Marzouki : Il n'y a pas de troïka, il y a la Tunisie
Premier des trois chefs de la troïka à reconnaître que Lotfi Naguedh, coordinateur de Nida Tounes a bien été tué lors des affrontements survenus jeudi à Tataouine, le président de la République Moncef Marzouki a vivement dénoncé ce « lynchage, véritable catastrophe et d’une barbarie absolue ». « Cette agression tire une sonnette d’alarme très sérieuse, faisant clignoter tous les feux à l’orange pour nous signaler le grand danger dans lequel nous risquons de nous engouffrer », a-t-il ajouté lors d’une interview télévisée, jeudi soir.
Marzouki a vivement dénoncé la dérive de la mission des comités de défense de la révolution. « Ils avaient joué leur rôle au lendemain même du déclenchement de la révolution, mais, maintenant que la légitimité a bien été établie après les élections du 23 octobre et que l’ANC est entrée en fonction, ce rôle est terminé. Ils peuvent continuer à agir sur le plan politique, manifester, exercer leur pression sur le gouvernement, mais sans s’arroger le droit de poursuivre quiconque, ou de s’ériger en pouvoir de justice et d’épuration. Qui sont-ils pour assainir ? » Fermement, Marzouki a fixé les lignes rouges à ne pas dépasser : pas de milices, pas de violence.
Ce sont d’ailleurs les mêmes limites qu’il fixe aux salafistes. « Autant ils peuvent pratiquer librement leurs convictions, sans harcèlement ni discrimination, déclare-t-il, autant ils doivent se conformer à la loi et la respecter». Quant au port du Niaqab, Marzouki estime qu’il s’agit là des libertés individuelles qui ne sauraient être bafouées, mais que lors des examens scolaires et universitaires comme les contrôles d’identité, il faudrait cependant montrer le visage.
«Avec le recul et l’élévation que me procurent mes fonctions à la tête de l’Etat, et n’étant plus chef de parti mais chef d’Etat, dit-il, je me tiens à égale distance de tous et privilégie la primauté du dialogue national et du consensus. J’y œuvre ardemment en essayant de rapprocher les divers acteurs pour les engager dans un processus commun capable de nous faire traverser cette période extrêmement difficile. Je compte beaucoup aussi sur l’intelligence collective des Tunisiens qui nous ramène souvent, au dernier moment du bord du précipice».

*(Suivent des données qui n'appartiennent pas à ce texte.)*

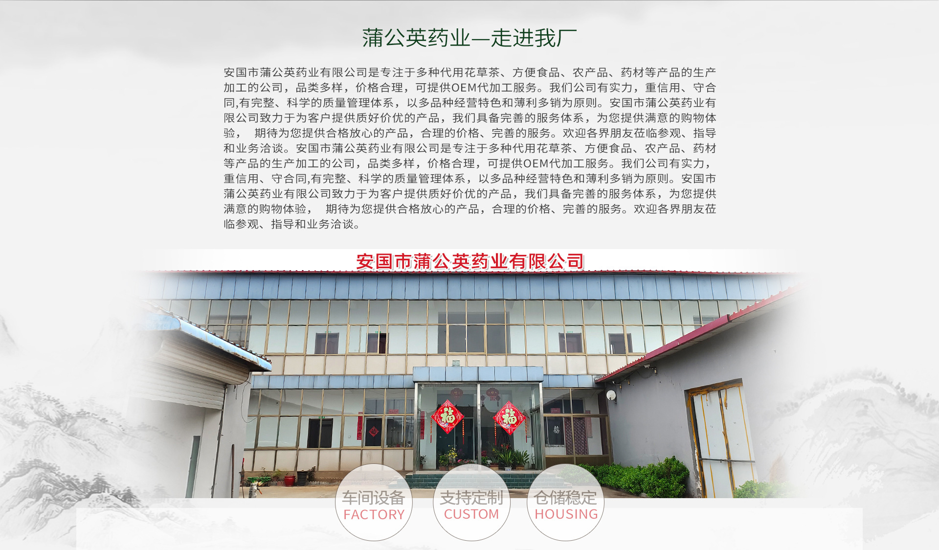 安國市蒲公英藥業(yè)有限公司 本公司是專注于各種代用花草茶、方便食品、農(nóng)產(chǎn)品、中藥材等產(chǎn)品的生產(chǎn)加工的公司,品類齊全,價格合理,可提供OEM貼牌代加工服務(wù)。我們公司實力雄厚,重信用、守合同,擁有完整、科學的質(zhì)量管理體系來保證產(chǎn)品質(zhì)量,以多品種經(jīng)營特色和薄利多銷的原則,贏得了廣大客戶的信任。安國市蒲公英藥業(yè)有限公司致力于為客戶提供質(zhì)好價優(yōu)的產(chǎn)品,我們具備得天獨厚的優(yōu)勢和完善的服務(wù)體系,為您提供滿意的購物體驗, 期待為您提供合格放心的產(chǎn)品,合理的價格、完善的服務(wù)。歡迎各界朋友蒞臨參觀、指導(dǎo)和業(yè)務(wù)洽談
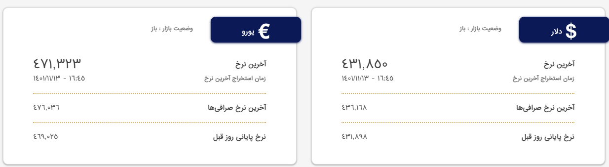 طبق اعلام بانک مرکزی، از روز 1401/11/04 کلیه صرافیها مجازند نسبت به فروش ارز بهصورت اسکناس با نرخ منتشرشده تحت عنوان "آخرین نرخ صرافیها" در سایت مدیریت بازار متشکل معاملات ارز ایران بهآدرس www.ice.ir اقدام نمایند.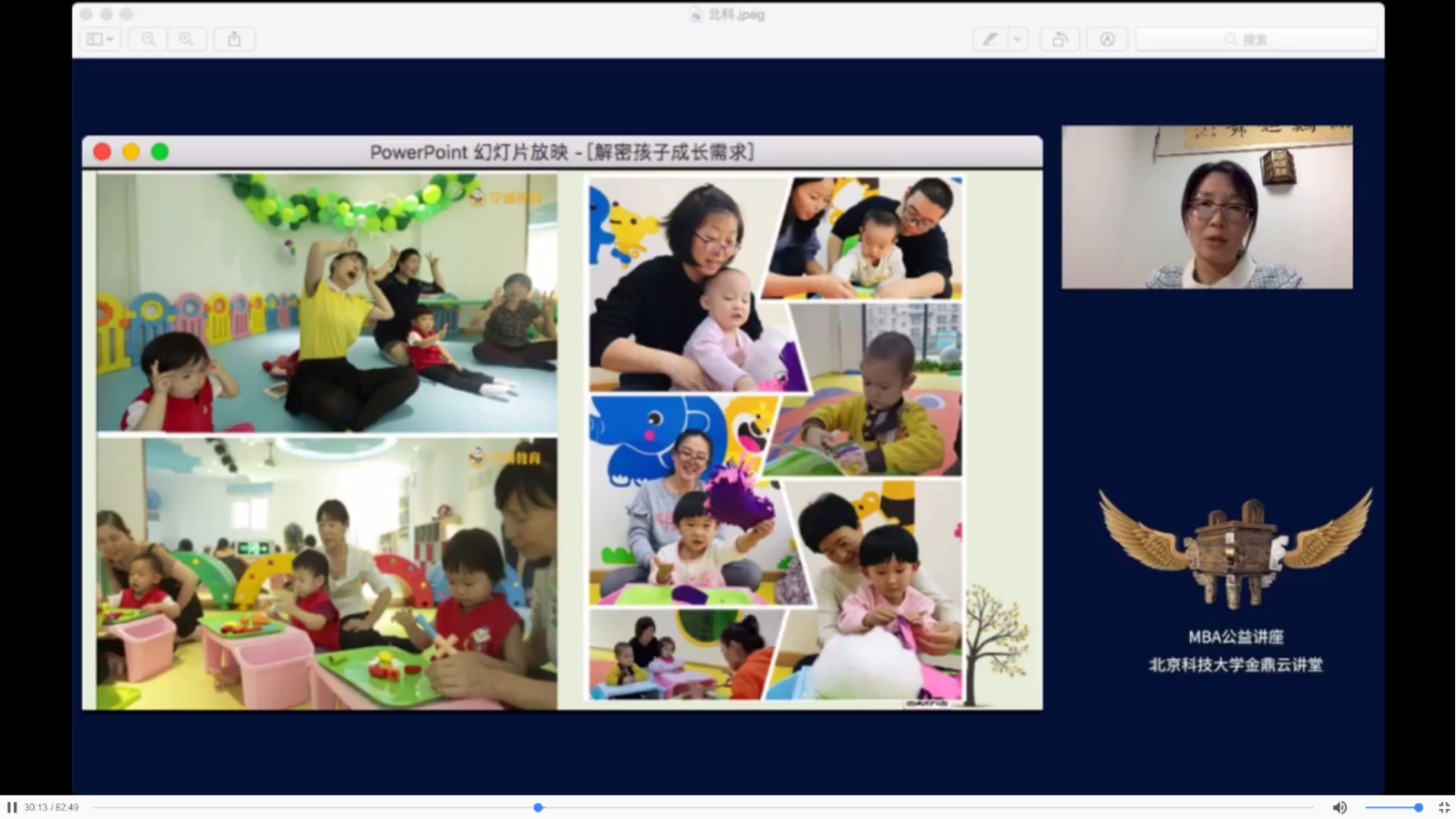 4月12日,北科大MBA“金鼎云讲堂”公益讲座邀请到了SI家庭教育顾问师、国家二级心理咨询师、高级家庭教育指导师杨保英女士为我们分享了孩子成长需求和家长在养育孩子方面的一些经验知识讲座趣味性十足,为在疫情期间无时刻与孩子做“斗争”的MBA“宝妈、宝爸”同学提供了满满的育儿干货。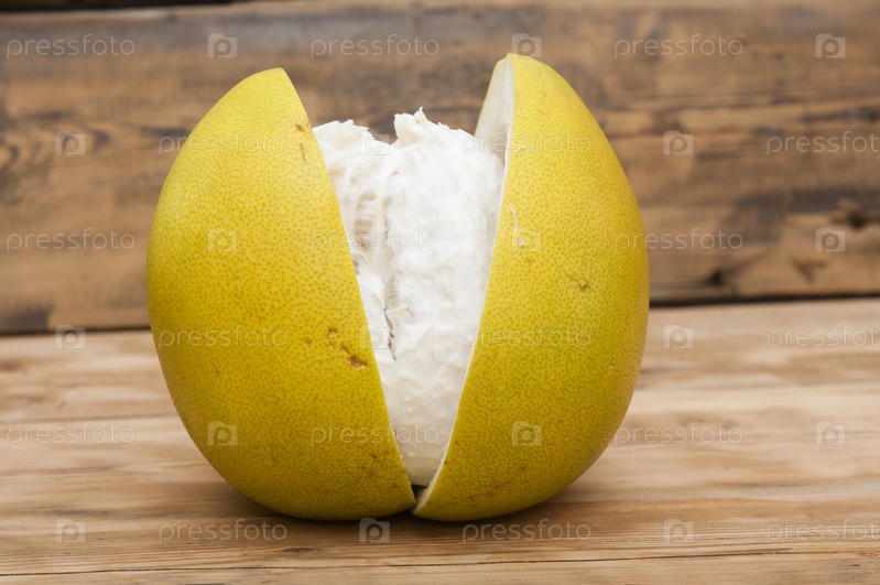 Помело на старом деревянном столе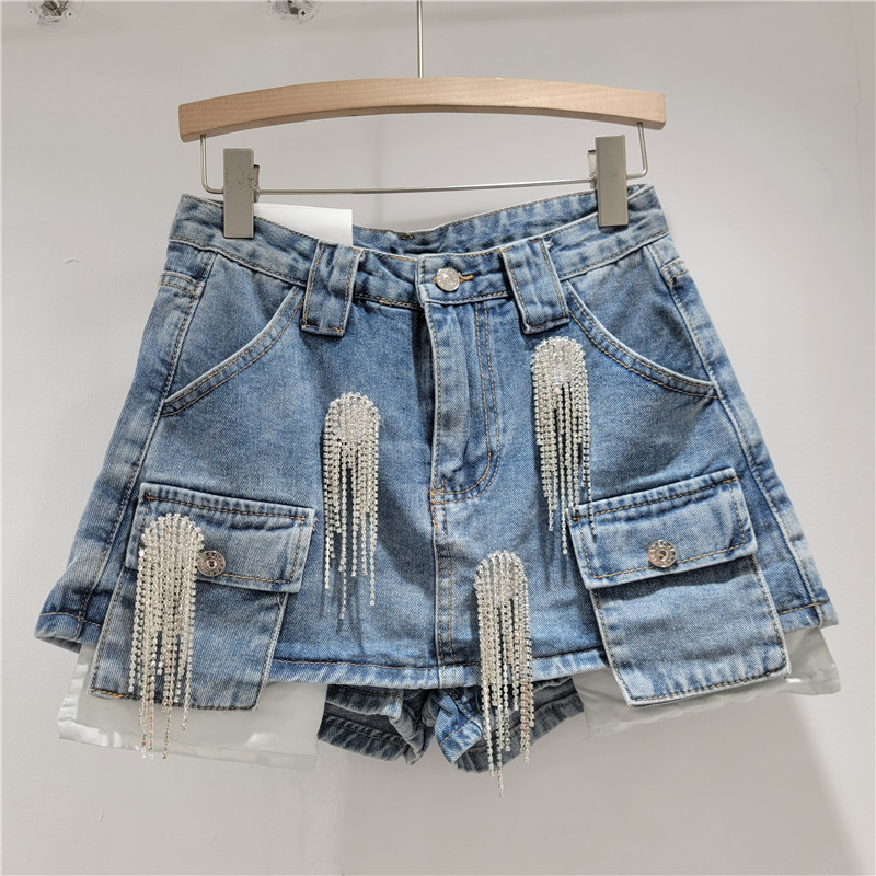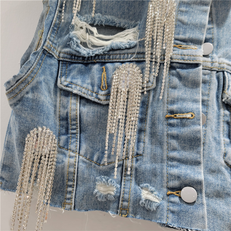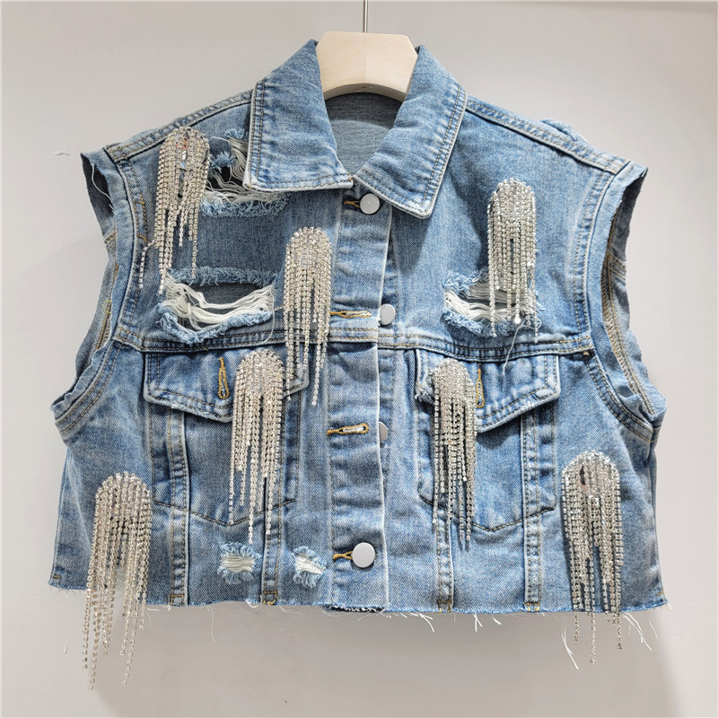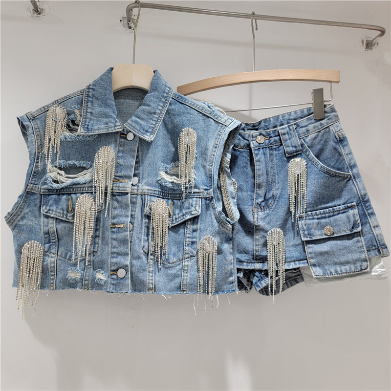 헤비 드레스 라인스톤 데님 조끼 + A라인 스커트 여성 2025 여름 신작 루즈하고 패셔너블한 슈트스토어 가기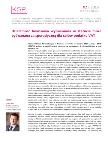 02 | 2016 KSP TAX NEWS MAMY PRZYJEMNOŚĆ PRZEDSTAWIĆ PAŃSTWU NAJNOWSZE WYDANIE KSP TAX NEWS, W KTÓRYM OPISUJEMY WYBRANE ORZECZENIA I INTERPRETACJE WYDANE LUB OPUBLIKOWANE W STYCZNIU 2016 R. MAMY NADZIEJĘ, ŻE NASZA PUBLIKACJA SPOTKA SIĘ Z PAŃSTWA ZAINTERESOWANIEM. Działalność finansowa wymieniona w statucie może być uznana za sporadyczną dla celów podatku VAT EKSPERT Michał Wilk doradca podatkowy T: +48 32 731 68 69 E: [email protected] Wojewódzki Sąd Administracyjny w Krakowie w wyroku z 7 stycznia 2016 r. (sygn. I SA/Kr 1734/15) wskazał przesłanki uznania czynności za sporadyczne, tj. nieuwzględnione w tzw. proporcji VAT. Sprawa dotyczyła spółki, której głównym przedmiotem działalności jest prowadzenie serwisów internetowych. Spółka udzielała także za wynagrodzeniem gwarancji na rzecz innych podmiotów z grupy, do której należy. Łączne wynagrodzenie z tytułu wszystkich gwarancji udzielonych przez spółkę w kolejnych latach stanowiło niewielki procent jej obrotu. Umowa spółki przewiduje, że do przedmiotu jej działalności zalicza się również działalność holdingów finansowych. Spółka wystąpiła o interpretację, zadając pytanie, czy była zobowiązana do uwzględniania przy obliczaniu proporcji VAT, o której mowa w art. 90 ustawy o VAT, otrzymanego wynagrodzenia z tytułu udzielonych gwarancji. W jej ocenie usługi udzielania gwarancji miały charakter sporadyczny w rozumieniu art. 90 ust. 6 ustawy o VAT w brzmieniu z dnia 31 grudnia 2010 r. i tym samym obrót z tytułu tej czynności nie powinien być uwzględniany dla celów obliczenia proporcji, o której mowa w art. 90 ust. 2 i 3 ustawy o VAT. Spółka wskazała, że przewidziane w ustawie o VAT wyłączenie stanowiło implementację art. 174 ust. 2 lit. B Dyrektywy 112, gdzie pojęcie „incydentalności” odnosi się nie tyle do samej częstotliwości zdarzenia, co raczej do jego poboczności względem zasadniczej działalności podatnika. Dyrektor Izby Skarbowej w Katowicach w interpretacji uznał stanowisko spółki za nieprawidłowe. W ocenie organu czynności udzielania gwarancji są częścią zasadniczej działalności gospodarczej spółki - uzyskane wynagrodzenie wpisuje się w całokształt działalności podatnika, a czynności noszą cechy powtarzalności i mają charakter planowany. Rozpoznając sprawę, WSA uchylił zaskarżoną interpretację, podzielając stanowisko spółki. Zdaniem sądu aby czynności miały charakter sporadyczny (pomocniczy), konieczne jest zestawienie różnych kryteriów: wartości, ilości, częstotliwości i wielkości zaangażowanych środków z całokształtem działalności podatnika, by tego rodzaju czynności nie zniekształcały obrazu istoty działalności danego podmiotu. Z faktu zapisu w umowie spółki działalności holdingu finansowego nie można domniemywać, że jedną z form jej działalności było udzielanie gwarancji. O incydentalnym charakterze czynności w sprawie zadecydował niewielki udział zaangażowanych w nie środków, a także fakt, że ta działalność nie była konieczna do głównej działalności gospodarczej. Kwestia czynności sporadycznych/pomocniczych rodzi ostatnio dużą ilość sporów podatników z organami. Jest ona istotna z punktu widzenia działalności podmiotów, które w oderwaniu od swojej podstawowej działalności udzielają pożyczek czy poręczeń dla podmiotów powiązanych. W najnowszych interpretacjach organy przyjmują restrykcyjne stanowisko. Zdarza się, że nawet jednorazowe wykonanie czynności nie stanowi według nich czynności pomocniczych (por. interpretacja Dyrektora Izby Skarbowej w Łodzi z dnia 29 stycznia 2015 r., sygn. IPTPP4/443801/14-2/ALN). Takie stanowisko jest dyskusyjne, biorąc pod uwagę orzecznictwo TSUE, zgodnie z którym przy ocenie charakteru konkretnych transakcji należy analizować, czy stanowią one 1 02 | 2016 KSP TAX NEWS uzupełnienie zasadniczej działalności gospodarczej podatnika, jak również poziom zaangażowania aktywów, przy nabyciu których podatnikowi przysługiwało prawo do obniżenia kwoty podatku należnego o kwotę podatku naliczonego (wyrok z dnia 29 kwietnia 2004 r., sygn. C-77/01; wyrok z dnia 11 lipca 1996 r., sygn. C-306/94). Sądy administracyjne najczęściej aprobują argumentację TSUE (wyrok NSA z dnia 28 września 2012, sygn. I FSK 1917/11; wyrok WSA we Wrocławiu z dnia 10 stycznia 2012 r., sygn. I SA/Wr 1416/11) wskazując, że konieczne jest zestawienie czynności według różnorakich kryteriów (wartości, ilości, częstotliwości, wielkości zaangażowanych środków) z całokształtem działalności podatnika. Zaliczenie w umowie spółki do jej działalności także działalności holdingów finansowych nie uniemożliwia uznania czynności udzielania gwarancji za pomocnicze/sporadyczne. Podobnie w tym duchu wypowiadały się NSA w orzeczeniu z dnia 14 lutego 2013 r. (sygn. I FSK 571/12) oraz WSA w Poznaniu w orzeczeniu z dnia 18 stycznia 2012 r. (sygn. I SA/Po 640/11), zgodnie z którymi istotne są czynności faktyczne, a nie elementy formalne. Prezentowany wyrok to kolejne pozytywne dla podatników orzeczenie dotyczące tego zagadnienia, mogące stanowić istotny argument w przypadku sporu z organem podatkowym. Podatek VAT Wojewódzki Sąd Administracyjny w Łodzi w wyroku z dnia 8 stycznia 2016 r. (sygn. I SA/Łd 1355/15) wyjaśnił, że przepisy art. 41 ust. 6-9 ustawy o VAT regulujące opodatkowanie eksportu nie są sprzeczne z art. 131 w zw. z art. 146 ust. 1 lit. A Dyrektywy 112. TSUE analizując przepisy prawa krajowego w świetle art. 146 ust. 1 i art. 131 Dyrektywy 112 uznał, że państwa członkowskie mogą w sposób odrębny regulować kwestię zastosowania zwolnienia przy eksporcie pod warunkiem, iż wprowadzenie tych przepisów ostatecznie nie pozbawi podatnika prawa do zwolnienia z podatku. Z taką sytuacją mamy do czynienia w przypadku przepisów ustawy o VAT, które przewidują czasowe opod
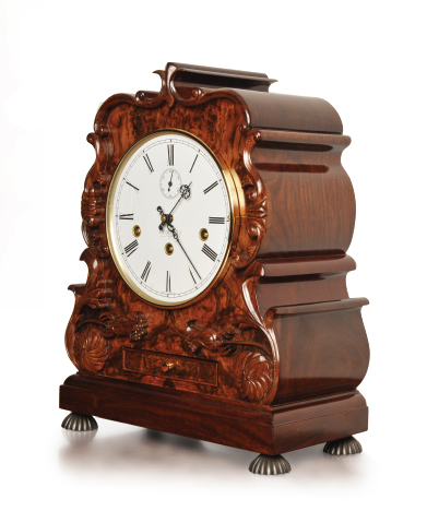Благородный корпус из вишни с изящно изогнутыми стенками и дверцей, маленький ящик для ключа, открытый серебряный циферблат с секундной стрелкой, стрелки в стиле Бреге.

Son rêve le plus cher est de voir la nouvelle Constitution présentée aux Tunisiens le 14 janvier 2012. « Ce sera le plus beau cadeau pour célébrer l’anniversaire de la révolution », dit-il. Sur les prochaines élections, Marzouki, sans vouloir en préciser la date « qui est d’après lui du ressort de l’ANC et de la future ISIE », souhaite fortement qu’elles se tiennent avant le début de l’été. Y sera-t-il candidat ? « J’agis comme je ne m’y porterai pas candidat, pour garder la sérénité qui doit être celle d’un chef d’Etat et éviter toute interprétation électoraliste », affirme-t-il.
Sur l’exclusion des dirigeants de l’ex-RCD, Marzouki, même s’il comprend la logique politique de ceux qui la prônent dans un intérêt de compétition électorale, se prononce contre pareille mesure. Il urge également le gouvernement de hâter l’examen des hommes d’affaires interdits de voyages et le traitement de leurs dossiers de transaction pour ceux qui ne doivent pas comparaître en justice. Ces mesures sont à yeux fondamentales pour relancer l’activité économique, soulignant à cet égard l’impératif d’une grande reprise.
Après neuf mois d’exercice à Carthage, «c’est pour moi la période la plus difficile et la plus intense de ma vie, confiera-t-il », Moncef Marzouki paraît dans cette interview beaucoup plus à l’aise dans ses habits de président de la République, sans cependant se départir de son ADN de droit-l’hommiste. « A force d’encaisser, je me suis fait des muscles, dira-t-il avec sourire, sans cependant renoncer à l’essentiel ni me résigner à la fatalité ». Il s’érige au-delà des partis à commencer par le sien, le CPR, et de la coalition au pouvoir, la troïka, en s’efforçant d’entreprendre une mission de conscience collective pour dénoncer toute dérive et de rapprochement entre toutes les familles politiques. « Il n’y a pas de troïka, n’hésitera-t-il à affirmer. Il y a la Tunisie et les Tunisiens ». Une posture qui le pousse au devant de la scène, le met en direct avec l’opinion publique, comme s’il veut court circuiter les partis. Tous les partis. L’élection du futur président de la République au suffrage universel direct donne des idées.